As to the patients' most affected body areas and age, the authors' observations, in their majority, are uniform(1, 6, 9, 12), etecting a greater incidence on the thorax, followed by the limbs proximal extremities and, less frequently, the head and neck, in patients between 20 and 50 years in age. In our casuisty, however small, we have observed the same prevalence.

Rutgers and colleagues and Lanskin report a slight prevalence on the male sex(6, 9), while Bendix-Hansen and colleagues have detected the same frequency on both sexes(1).

The local recurrence index is of about 50%, even after the adequate excision of the lesion. Rutgers and colleagues and Lanskin observe that surgical margins wider than 3 cm cause this index to drop to 20 - 30%(6, 9). Smola and colleagues, on their turn, suggest the aponeurotic fascia resection to minimize the recurrences(10).

The metastasis are rare (5% of the cases). In accordance with the studies of Platil and colleagues, the dissemination occurs hematogenically (4%) and lynphatically for regionallynphatic ganglia (1%), occurring between 7 and 15 years after the primary tumor coming out(8). For Lanskin(6), the lung is the preferred target (80%), with less common occurrences in the brain, bones, heart and pancreas. According to these authors, the metastasis are more frequent after multiple local recurrences.

In our casuisty, only one patient was controlled for 12 months after surgery, and he did not present local recurrences nor metastasis. As to the giant tumor case, after one year the patient was well, even without medical follow-up and with the bloody area healed by second intention. In accordance with our patients' characteristics, this generally occurs because they are feeling well and do not want to be absent from work or have transportation expenses "just to be seen by the doctor". In case of recurrence, they will undoubtely come back.

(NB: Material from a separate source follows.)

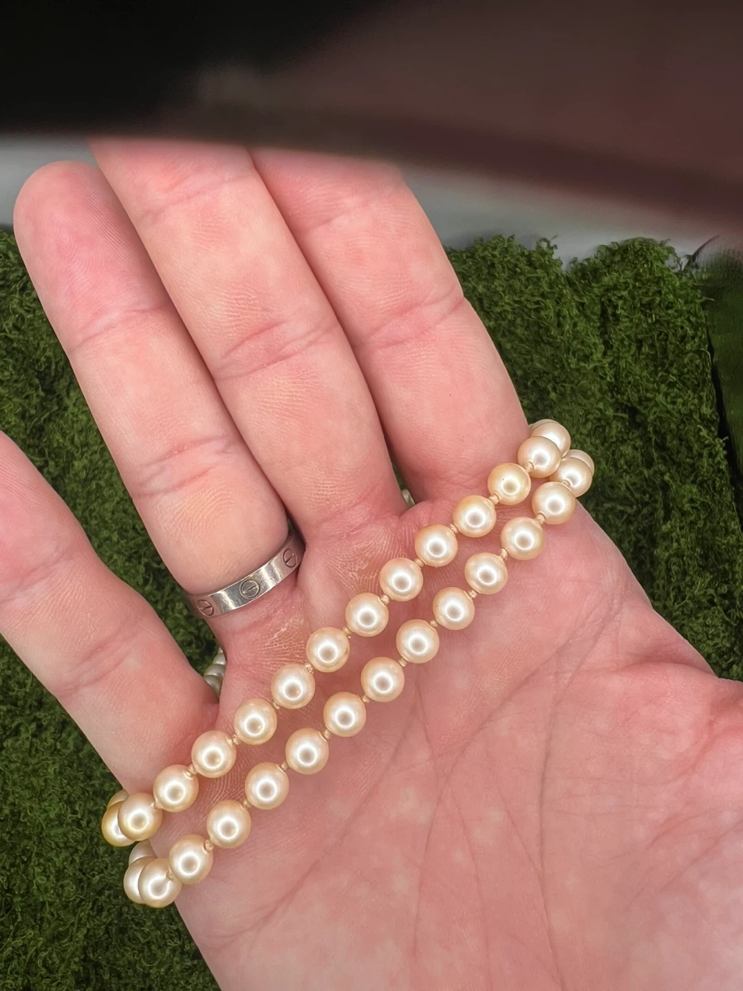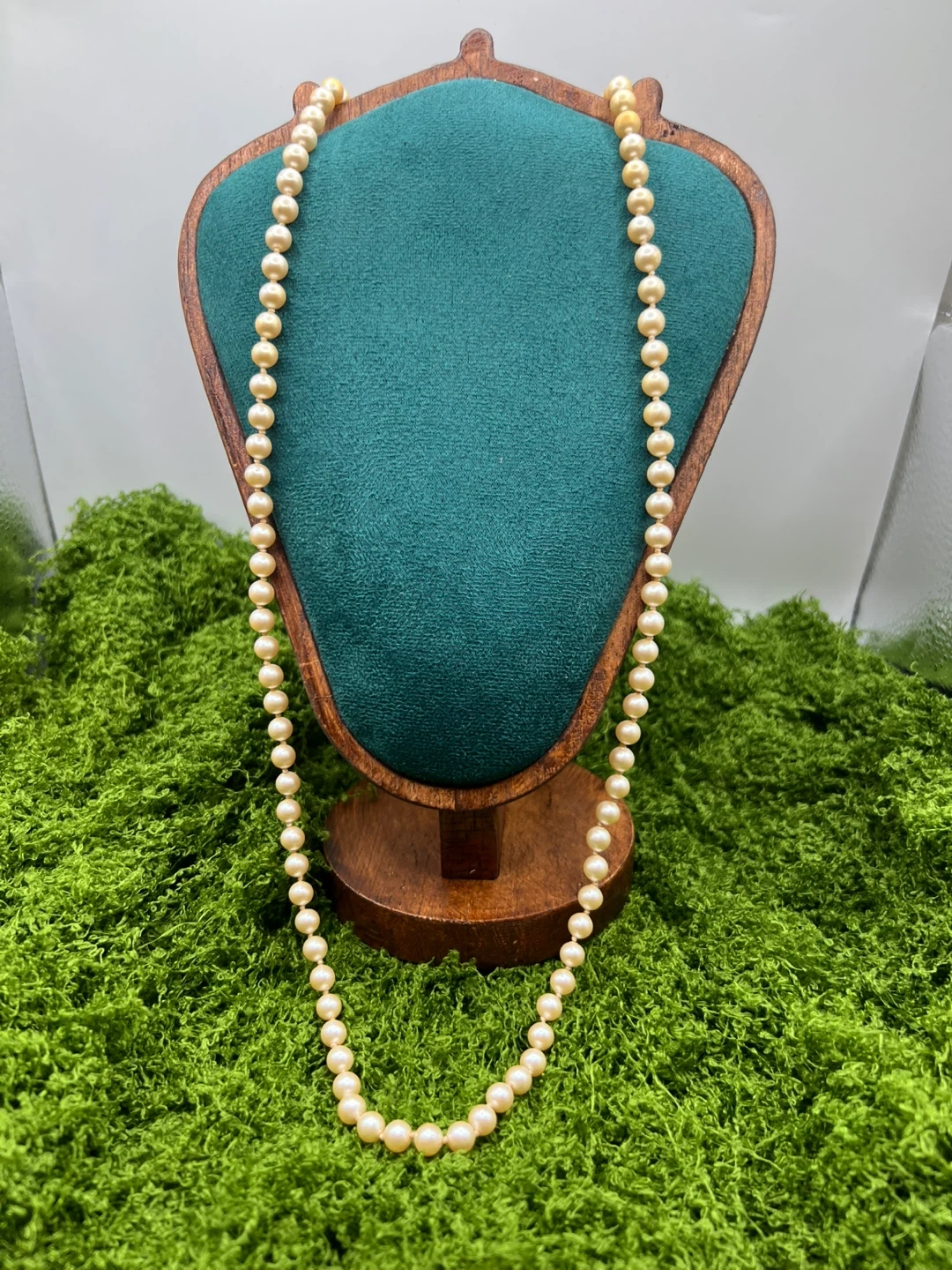 A lovely strand of vintage pearls! This necklace is a classic accessory that can add a touch of elegance to any outfit. It's in great condition and ready to be worn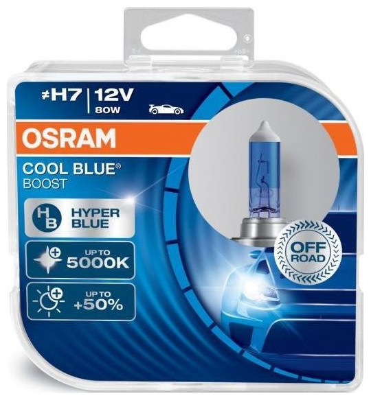 Szczególnie niebieskie światło. Jasna temperatura barwowa do 5000 K. Wydajność światła do 50% wyższa niż w przypadku standardowych żarówek. Wybierz OSRAM Cool Blue Boost i uzyskaj dwa w jednym: stylowe białe światło i dodatkowy strumień świetlny. Żarówki do użytku w terenie. Napięcie, V: 12 Moc, W: 80 Cokół: PX26d Barwa światła: 5000 K.

As far as the treatment is concerned, the authors unanimously advise local surgical resection with peripherical margins of 2-3 cm, including the subjacent fascia. We have opted for the same procedure, but in infiltrative lesions the resection must go beyond the fascia as far as necessary.

The preoperative embolization of the tumoral mass was indicated only for the giant tumor, reducing significantly its size and turgescence and facilitating the surgical act with minimal bleeding.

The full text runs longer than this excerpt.